I would characterize the home I grew up in as a place where tradition was respected, but where Jewish observance was minimal. Nonetheless, my family fostered in me a deep love for the Jewish people and our culture. And that love kindled a spark of sorts inside me.
But it was not until I attended a Jewish school for the first time, and afterwards prepared my Bar Mitzvah, that spark grew into a flame and I began to realize my desire to be a guide and leader in the Jewish community.
That’s why I started to formally study our history and traditions, focusing on the religious aspects of Jewish civilization. With an eye to becoming a hazzan first, and a rabbi later on, I joined the choir of the Synagogue of Rosario. Amidst this community of approximately 8,000 Jews, I sang for 10 years and was a soloist for most of those years. In the 1990s, I began my studies and was later ordained a hazzan.
Enmeshed in Rosario’s Jewish religious life, I served as the main hazzan, performing all the religious services. With very deep pride, I officiated hundreds of marriages and funerals, trained and prepared the b’nei mitzvah, and conducted all the ceremonies making up the life of our community.
After the departure of our Rabbi and for 5 years thereafter, I served as Community Director, performing most of the functions of a rabbi and also those of a hazzan. I felt I reached the pinnacle of my Jewish experience. And then something even more life-changing occurred, something that would stoke that flame inside me into a fire: I was contacted by the American Jewish Joint Distribution Committee or as it’s known to us in Latin America, “the Joint,” with an offer to work in the Jewish Community of Cuba.
From January 2007 until the end of 2009, together with my dear wife Patricia, I lived in Cuba and helped provide a plethora of religious, cultural, and humanitarian services to the community, while at the same time serving as the Joint’s Representatives on the lush, Caribbean Island. From Shabbat dinners to educational classes … from b’nei mitzvah training to youth groups, we helped ensure a Jewish future for a community that is proud and ever-growing.
Carrying the unique beat of Jewish life in Cuba with me, I journeyed on, perhaps now more introspective. I was given a new opportunity to further build my Jewish identity, but this time on a personal and professional level. It came in the form of a program called Leatid.
Leatid is an exclusive educational and training space for professionals and volunteer leaders of Jewish communities in Latin America. It, too, is run by the Joint. It offers attendees the necessary tools, resources, and content to effectively and strategically run a Jewish community. Additionally, and perhaps most importantly, it helped form a network of Jewish professionals who could exchange stories about our successes and challenges.

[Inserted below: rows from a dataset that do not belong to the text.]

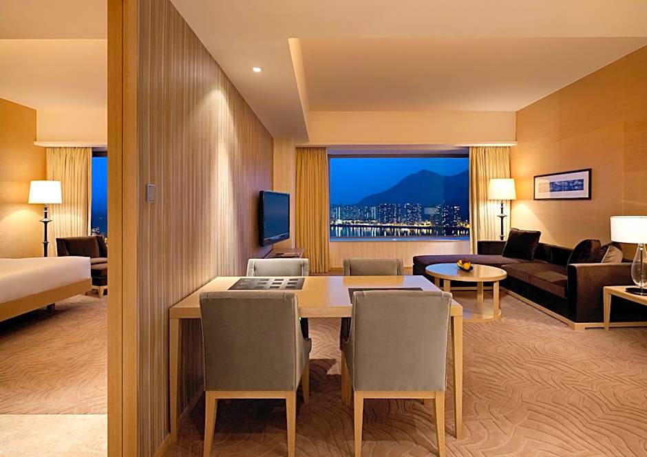 Offering harbor views, this 36-square-yard room comes with twin beds and writing desk with enhanced lighting, a bathroom with glass wall with a TV, alongside a separate rainshower. It also has contemporary decor with photographic montages of old and new Hong Kong, plus 42-inch multi-channel LCD flat-screen TV and wired and wireless broadband internet access.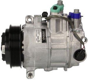 Kompresor klime - Mercedes-Benz Razred E. Letnik: 09-16. Lastnosti: za proizvajalce DENSO, ID- kompresorja 6SEU16C, Premer Jermenica 110 mm, Delovna prostornina kompresorja 170 cm?, Obratovalna napetost 12 V, Premer vstopa/dovoda 28,4 mm, Izpust 12,9 mm, Kolicina poln. olja 150 ml, Olje kompresorja PAG 46, Stevilo zlebov 6, Hladilno sredstvo R 134a, 2 -polen.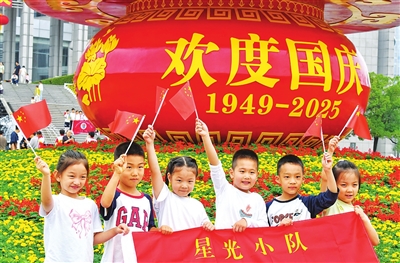 10月1日,小朋友在安徽省合肥市蜀山区市民广场国庆主题花篮前拍照。当日是国庆节,各地群众以不同形式共庆祖国华诞。新华社发 (陈三虎 摄)

That way, we could enrich each other with experiences from the different Latin American countries where we lived and worked.

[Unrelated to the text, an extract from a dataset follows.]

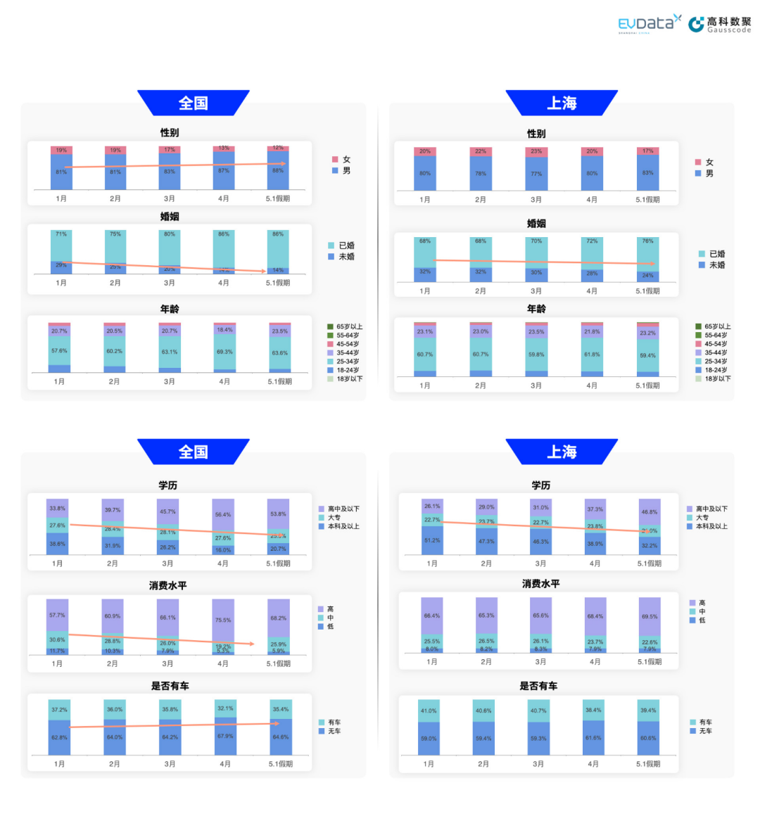 值得注意的是,新能源汽车市场竞争激烈,这也为本土车企带来了独特的竞争机遇。那么从大数据角度看,全国和上海新能源汽车关注人群有哪些变化趋势?上海新能源汽车出行特征如何?上海新能源汽车数据中心联合威九国际,一同透过数据带你看今年上海新能源汽车“五一”出行的新趋势。
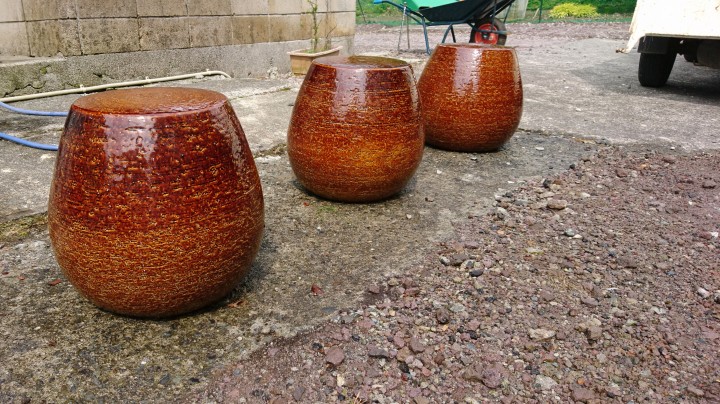 今日の山中湖は晴れ、最高気温23℃最低12℃、写真は大きな陶器製のイスです。当館には屋外用のイスとして白色と青色の物が3つずつありましたが、今年はさらに茶色のものが3つ増えました。置く場所はまだ未定ですが、お越しの際はぜひ使用してみてくださいね。20/06/20

Over those two years of Leatid, I had the opportunity to attend several seminars in other Latin American countries, as well as to participate in distance learning courses from Cuba. And while the resources I acquired over that period of time were essential for my community activity in Havana, they provided me with a wide range of possibilities in order to improve myself professionally and personally in the mid and long term. And little did I know at the time that my long-term would include my current job as the community director and spiritual leader of El Salvador’s Jewish community.

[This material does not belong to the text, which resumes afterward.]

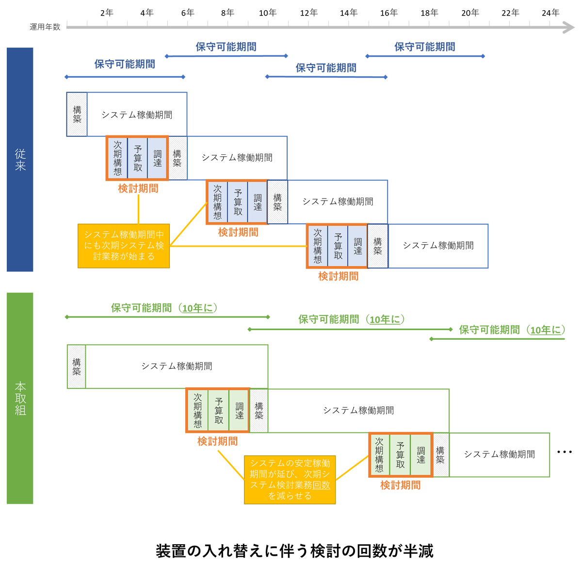 企業・公共団体で用いられているネットワーク(例:LAN・WAN 基盤)の装置耐用期間は概ね 5 年程度であり、定期的に入れ替えを行います。準備・移行期間を踏まえると、現状の耐用期間内に入れ替えを行うためには、導入後、すぐに次の入れ替えの計画業務に入る必要があります。企業・公共団体の情報システム部門にとって、この計画業務は予算整理・設計・実装など負荷が高く、また数年がかりで行う長期プロジェクトとなります。短いスパンで計画業務が発生することは、情報システム部門が ICT インフラ維持に多くの工数を割くことにつながり、その結果、企業成長に必要な ICT 戦略にリソースをかけきれないという課題が生まれます。

It’s been a long, enriching, and leap-frogged journey from my days in Rosario. My curiosity about Jewish life, at first nothing more than an ember, gave way to dreams of leading my people, whether as a rabbi, a hazzan, or as a communal professional. And today I do all that, and more, as a father to my son Eliel, who represents a new generation for the Jewish people, whether in Rosario, San Salvador, or anywhere in the Jewish world.
Fernando Lapiduz is community director of El Salvador’s Jewish community.